Quando tinha apenas dezassete anos, abortei o meu bebé. Nunca antes tinha pensado no aborto. Pensava que iria ser virgem até ao dia em que me apaixonasse, tal como as mulheres dos romances de cordel que lia da biblioteca pública. Aqueles em que o homem bonito aparecia montado num cavalo. Nos anos 70 as mulheres devoravam esses livros, que vendiam milhões de exemplares, com as suas passagens sexualmente explícitas. Comecei a lê-los na escola. Sabia que o sexo fora do casamento era pecado, mas nos meus livros o sexo acontecia sempre antes do casamento. O casamento aparecia no final, quando eles viviam “felizes para sempre”.
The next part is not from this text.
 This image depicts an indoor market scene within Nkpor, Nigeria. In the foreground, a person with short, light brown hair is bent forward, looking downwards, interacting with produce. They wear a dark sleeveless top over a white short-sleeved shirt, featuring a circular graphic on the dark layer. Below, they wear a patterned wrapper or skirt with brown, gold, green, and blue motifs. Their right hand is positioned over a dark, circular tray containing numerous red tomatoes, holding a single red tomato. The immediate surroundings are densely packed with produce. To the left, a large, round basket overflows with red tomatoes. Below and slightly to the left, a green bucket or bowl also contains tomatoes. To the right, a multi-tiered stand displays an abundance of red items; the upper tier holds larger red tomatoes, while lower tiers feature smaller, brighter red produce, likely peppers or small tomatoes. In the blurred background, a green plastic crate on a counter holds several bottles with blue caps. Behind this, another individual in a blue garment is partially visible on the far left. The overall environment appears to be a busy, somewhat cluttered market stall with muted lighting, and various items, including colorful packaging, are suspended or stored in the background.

Quando estava no liceu era esperado que bebêssemos. Era igualmente esperado que tivesse um namorado. Pensava mais em rapazes do que em Deus, na escola, ou nos assuntos da actualidade. Os fins-de-semana eram para beber e para conviver com rapazes. Na escola pública onde andei não se falava de Deus. A minha família era católica, íamos à missa ao domingo e rezávamos antes de comer, mas fora isso não se falava de Deus. Bastava que nos portássemos bem.
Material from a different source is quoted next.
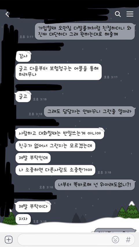 저도 그때 저희 어머니한테 경우 없이 말했다는 거에 너무 화가 나서 설계사한테 전화해서 화냈었고요. 그 설계사 뻔뻔하게 저한테 하는 말이 보험설계 담당자 바꾸라고 하더군요.

Depois de fazer o crisma nunca mais me confessei ou fui à catequese. Estava agradecida por ter despachado aquilo; a religião não me parecia ser importante. Nunca ouvi falar do aborto na Igreja nem em qualquer catequese. Nunca me foi dito que o aborto era matar uma criança. Sabia que a Igreja Católica se opunha à contracepção, mas não sabia porquê. Uma amiga disse-me que era para que viessem mais católicos ao mundo, o que na altura me pareceu correcto.
Depois do aborto continuei com a minha vida. Nunca falei do assunto a ninguém. Foi como se nunca tivesse acontecido. Antes de o fazer, o terror de que os meus pais e a minha comunidade descobrissem que eu estava grávida consumia-me por inteiro. Não conseguia pensar em mais nada se não fazer o aborto o mais rapidamente possível. Se pensava no que estava a fazer, era apenas “pôr fim a uma gravidez”. Era legal, fácil e barato, logo não podia ser nada de grave.
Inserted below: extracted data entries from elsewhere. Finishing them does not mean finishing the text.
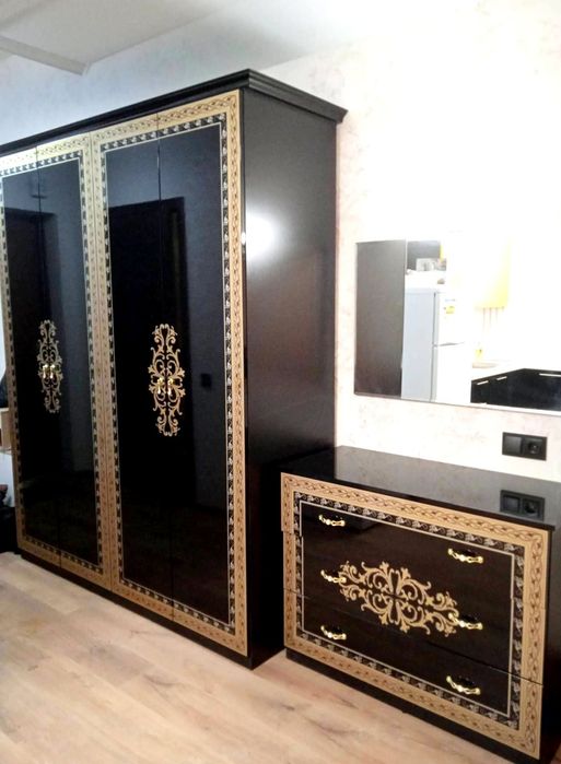 Зберігання: велика дзеркальна шафа-купе та місткий комод.
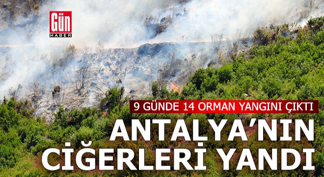 Sıcaklığın mevsim normallerinin üzerinde seyrettiği Antalya'da, 9 günde art arda orman yangını çıktı. Yangınlarda yaklaşık 45 hektar alan ile 5 hektar orman dışı alan zarar gördü. Kentte 22 Haziran'da Kumluca ilçesi Yenikışla Mahallesi civarındaki kırsal alanda çıkıp, ormanı tehdit eden yangında, 2 hektar orman dışı ziraat alan zarar gördü. 25 Haziran'da Kumluca ilçesi Sarıcasu Mahallesi'nde çıkan yangında 1 hektar orman zarar gördü. Aynı gün Finike ilçesi Turunçova Mahallesi yakınlarındaki orman yangınında 2 hektar küle döndü. 27 Haziran'da Alanya ilçesi Mahmutseydi Kızılalan mevkisi ve Aksu ilçesi Kurşunlu Mahallesi ile Yeşilkaraman Mahallesi'nde orman yangını çıktı. Kurşunlu'da 1 hektar, Yeşilkaraman'da 1 hektar, Alanya Mahmutseydi Kızılalan mevkisinde ise 12 hektar orman yandı. 28 Haziran'da Finike ilçesi Turunçova Mahallesi'ndeki orman yangınında 2,5 hektar ormanlık zarar gördü.
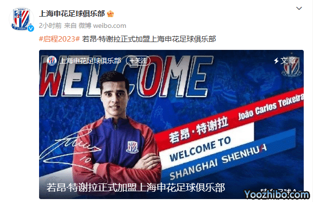 JRS直播网04月05日讯 ,上海申花足球俱乐部官方宣布若昂·特谢拉正式加盟球队。

A vergonha da gravidez, juntamente com o medo da humilhação pública, da cusquice e da perda de aprovação da minha família e amigos era assoberbante. Na altura pareceu-me forte e admirável da minha parte tratar do assunto sozinha, sem drama, sem emoções e sem discussão. Eu tinha-me metido nesta situação, eu resolveria. Ninguém precisava de saber.
Por isso fiz um aborto e voltei para a escola. Feito. Não penses mais nisso. Fui das melhores alunas da turma, e recebi muitos elogios, depois fui para uma universidade católica de topo e, eventualmente, para um programa de pós-graduação. Casei, tive três filhos e comecei uma carreira de sucesso. Diria que era feliz, mas na verdade estava era habituada a um certo entorpecimento.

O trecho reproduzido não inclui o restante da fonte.